See Accountable Health Sols., LLC v. Wellness Corp. Sols., LLC, No. 16-2494-DDC-TJJ, 2016 WL 4761839, at *1 (D. Kan. Sept. 13, 2016); Universal Premium Acceptance Corp. v. Oxford Bank & Trust, No. 02-2448-KHV, 2002 WL 31898217, at *1 (D. Kan. Dec. 10, 2002) (citing Pet Milk Co. v. Ritter, 323 F.2d 586, 588 (10th Cir. 1963)).
Universal Premium Acceptance Corp., 2002 WL 31898217, at *1 (citing Landis v. N. Am. Co., 299 U.S. 248, 255 (1936)).
Pipeline Prods., Inc. v. Horsepower Entm't, No. 15-4890-KHV-KGS, 2016 WL 1448483, at *1 (D. Kan. Apr. 13, 2016) (citing Landis, 299 U.S. at 255).
Kendall State Bank v. Fleming, No. 12-2134-JWL-DJW, 2012 WL 3143866, at *2 (D. Kan. Aug. 1, 2012) (citing Commodity Futures Trading Comm'n v. Chilcott Portfolio Mgmt., Inc., 713 F.2d 1477, 1484 (10th Cir.1983)).
Landis, 299 U.S. at 255; see Accountable Health Sols., 2016 WL 4761839, at *1 (citing Cargill Meat Sols. Corp. v. Premium Beef Feeders, LLC, No. 13-1168-EFM-TJJ, 2015 WL 3937395, at *1 (D. Kan. June 26, 2015)).
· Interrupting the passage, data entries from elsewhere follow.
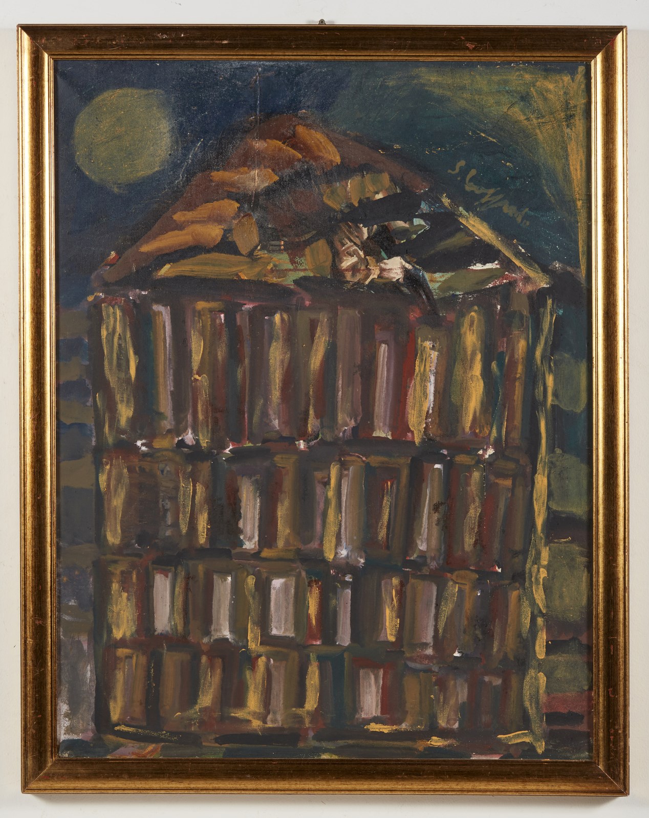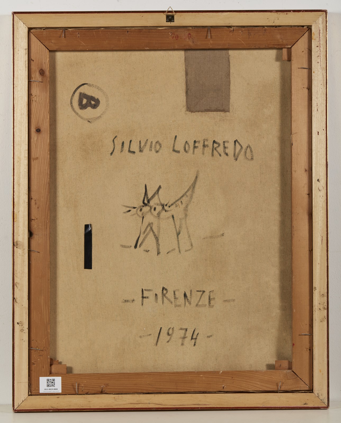 LOFFREDO SILVIO (n. 1921) Senza titolo. 1974. Olio su tavola. Cm 70,00 x 90,00. Firma e anno al retro. Autentica dell'artista su fotografia. Difetti. Cornice presente
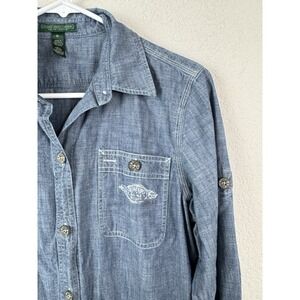 Vintage Ralph Lauren Chambray Denim Shirt Dress Utility Pockets Womens M
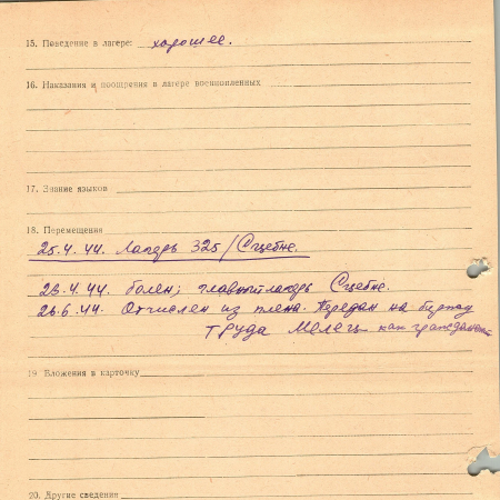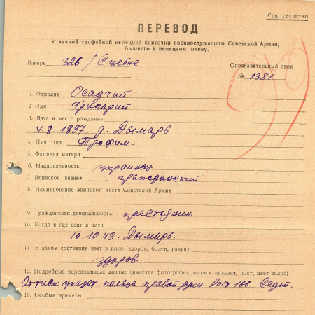 Осадчий Григорий Трофимович, 04.08.1897 г. р., д. Дымер, Киевская область. Гражданский. Попал в плен 10.10.1943 г. в д. Дымер. 26.06.1944 г. – отчислен из плена и передан на биржу труда Мелец как гражданский.

Spears v. Mid-Am. Waffles, Inc., No. 11-2273-CM-JPO, 2012 WL 12837278, at *1 (D. Kan. Mar. 8, 2012) (quoting Landis, 299 U.S. at 256).
Id. (citing Klaver Constr. Co. v. Kan. Dep't of Transp., No. 99-2510-KHV, 2001 WL 1000679, at *3 (D. Kan. Aug. 23, 2001); FDIC v. Renda, No. 85-2216-O, 1987 WL 348635, at *2 (D. Kan. Aug. 6, 1987)).
B. Discussion
When applying the five factors above, it seems the balance of interests weigh in favor of this case moving forward, even if slowly.
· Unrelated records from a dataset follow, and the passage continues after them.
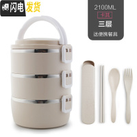 三维工匠手提不锈钢饭盒保温桶分格上班族女便当盒学生大容量便携多层餐盒 米色3层[送餐具]
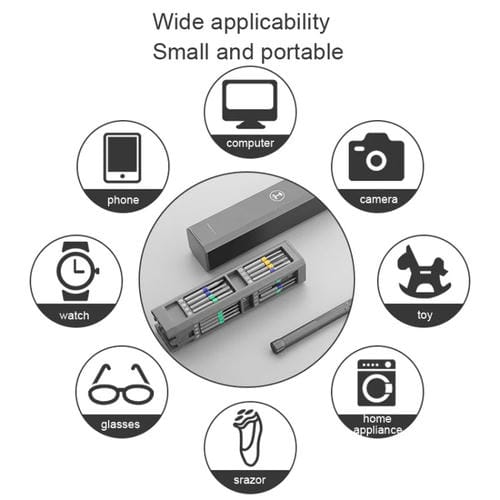 El Set de Herramientas Verdeer Screw Knife Disassembling Maintenance, Serie 30 en 1, con barril de aluminio, es un Juego profesional diseñado para facilitar tareas de desmontaje y mantenimiento en una amplia variedad de dispositivos. Este kit es compatible con equipos como Computadoras, Cámaras, juguetes, electrodomésticos, afeitadoras, gafas, Relojes y Teléfonos Móviles. Su función principal es proporcionar una solución Completa y compacta para usuarios que reparan por cuenta propia, permitiendo un manejo eficiente y seguro gracias a su diseño ergonómico y materiales de alta calidad. La inclusión de una punta con imán fuerte facilita la manipulación de tornillos pequeños, mientras que el almacenamiento integrado en el mango optimiza la organización de las Piezas.
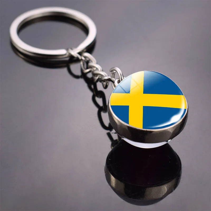 Двухсторонний подвесной брелок в виде стеклянного шара с национальным флагом стран Европы, Австрия, Италия, Португалия, Норвегия, Дания, Испания
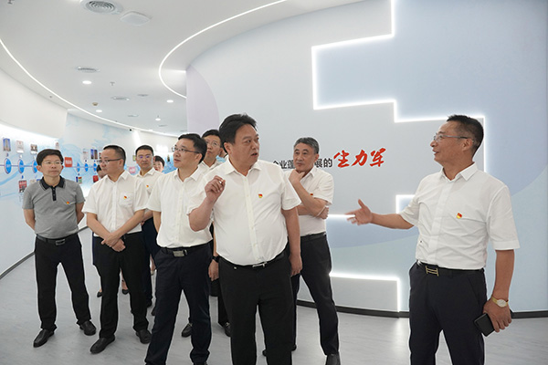 于立忠一行參觀了“征途如虹”企業(yè)印記,“初心如炬”黨建云庫,“教誨如風(fēng)”達(dá)欣講堂,“使命如山”先鋒服務(wù)站,“追夢如潮”職工書屋,“群團(tuán)如影”風(fēng)采展示等七個版塊和書記工作室。于立忠指出,達(dá)欣黨建主題館,全方位展現(xiàn)了企業(yè)黨建成果和發(fā)展成就,形式生動,內(nèi)涵豐富、詳實。于立忠強(qiáng)調(diào),抓好非公企業(yè)黨建始終是促進(jìn)非公經(jīng)濟(jì)發(fā)展健康發(fā)展的核心舉措,“高質(zhì)量黨建引領(lǐng)企業(yè)高質(zhì)量發(fā)展”在達(dá)欣得到生動的實踐。于立忠希望,達(dá)欣集團(tuán)要不斷完善優(yōu)化主題館內(nèi)容,切實將黨建主題館打造為黨員、團(tuán)員青年、職工群眾學(xué)習(xí)黨的創(chuàng)新理論、傳承勞模工匠精神的新平臺,并作為記錄達(dá)欣黨建工作與企業(yè)同步發(fā)展的重要載體。要繼續(xù)堅持“圍繞發(fā)展抓黨建,抓好黨建促發(fā)展”的理念,不斷豐富黨建品牌內(nèi)涵,為海安非公企業(yè)黨建樹立榜樣典型,為海安發(fā)展作出新的更大貢獻(xiàn)。
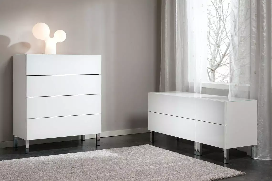 Lumo tuo kotiin ylellisyyttä hohtavan valkoisena. Korkeakiiltomaalatut etusarjat ja valkoiset lasikannet viimeistelevät kalusteet upeasti. Kätevä ’push to open’ -mekanismi tekee käytöstä nautittavan helppoa. Mukana tulee seinään kiinnittämistä varten kaatumisenestonauha, jolla etenkin lapsi- tai lemmikkiperheessä voi turvata huonekalun paikallaan pysymisen.
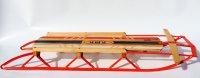 Металлические санки с деревянным сидением и рулем управления красные Металлические санки с деревянным сидением и рулем управления красные
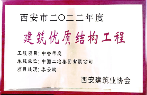 “建筑優質結構工程”獎是西安市建筑行業工程質量管理方面的權威獎項。該獎項的獲得,是西安市建筑業協會對中國二冶建筑施工生產實力和質量管控專業技術能力的充分肯定,更是對中國二冶在西安市城市建設過程中的付出和為當地經濟發展所作貢獻的認可。
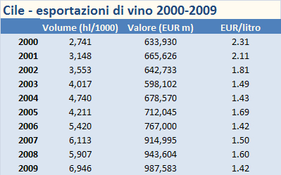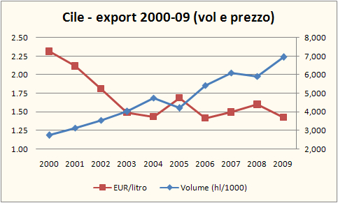1 commentoGuardiamo oggi le esportazioni cilene di vino del 2009, che sono andate in controtendenza rispetto alla maggior parte delle altre nazioni, con una crescita del 5% a valore a 1 miliardo di euro, interamente supportata da un forte incremento dei volumi a discapito del prezzo mix. I volumi esportati hanno toccato i 7 milioni di ettolitri, il massimo degli ultimi anni e probabilmente di sempre. Il vino cileno si sta sempre piu’ imponendo nel mondo ma sta sempre di piu’ prendendo una fetta di mercato precisa, quella del vino a buon mercato. Basta il colpo d’occhio ai dati pluriennali per vedere come la crescita dell’export cileno si e’ storicamente basata sui volumi: nel giro di 9 anni sono passati da 2.7 a 7 milioni di ettolitri, mentre il prezzo a cui il vino viene venduto e’ sceso da EUR2.3 a EUR1.4 al litro. Vero e’ che nel corso degli anni la valuta cilena si e’ svalutata (essendo in qualche modo agganciata al dollaro americano), ma il cambio non basta a giusticare un crollo di questa portata.
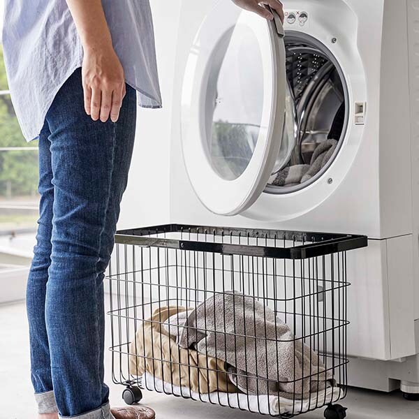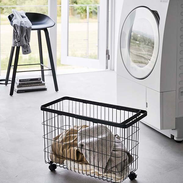 洗濯機の幅に合うワイドなキャスター付きランドリーバスケット
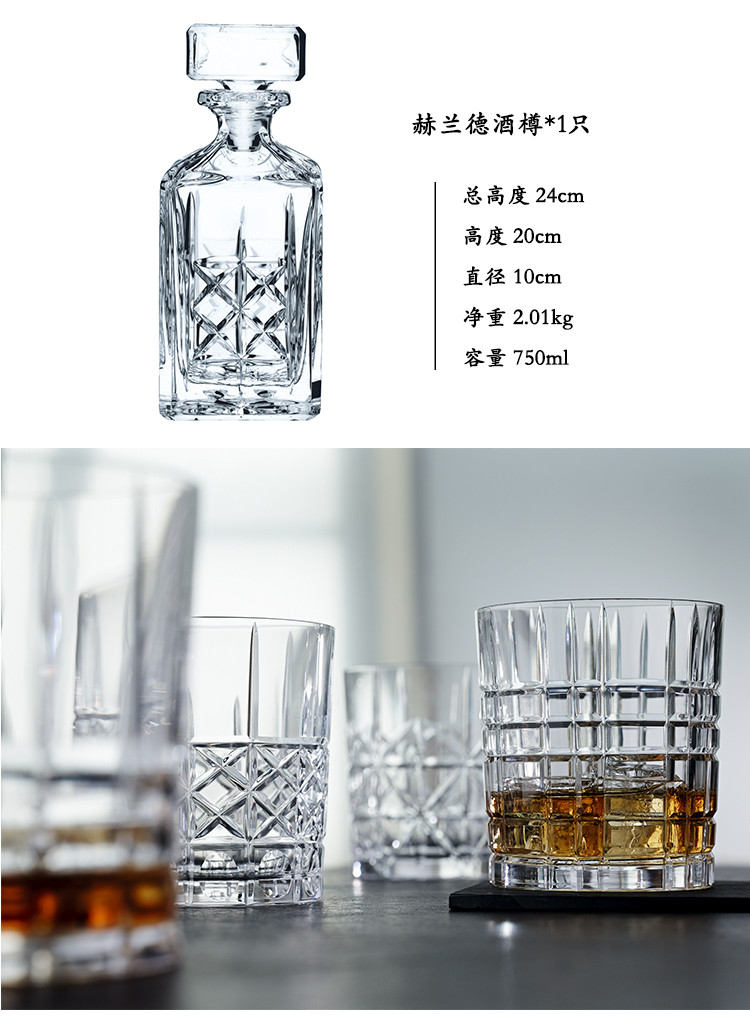 德国进口奈赫曼Nachtmann威士忌5件套 (醒酒器+不同花色威士忌酒杯x4)

As to the first factor, Plaintiff's interest in proceeding, Plaintiff did not advance any argument in the written briefing as to whether she would be prejudiced by delay. She only claims a stay would serve “judicial economy” and “conserve the resources of the Court and all parties, ” but provides no support for these conclusory statements. (ECF No. 31.) During the October 21 hearing, her counsel noted the difficulty in Plaintiff, a widow who witnessed a tragic accident, being forced to litigate a case in multiple forums. The Court is cognizant of this difficulty and sympathetic to Plaintiff's plight. However, given that the subject incident occurred in July 2018, Plaintiff initiated the litigation in both locales, and little more than posturing has occurred in the past three years, it seems all parties have an interest in this case proceeding. Therefore, the Court finds this factor to be neutral.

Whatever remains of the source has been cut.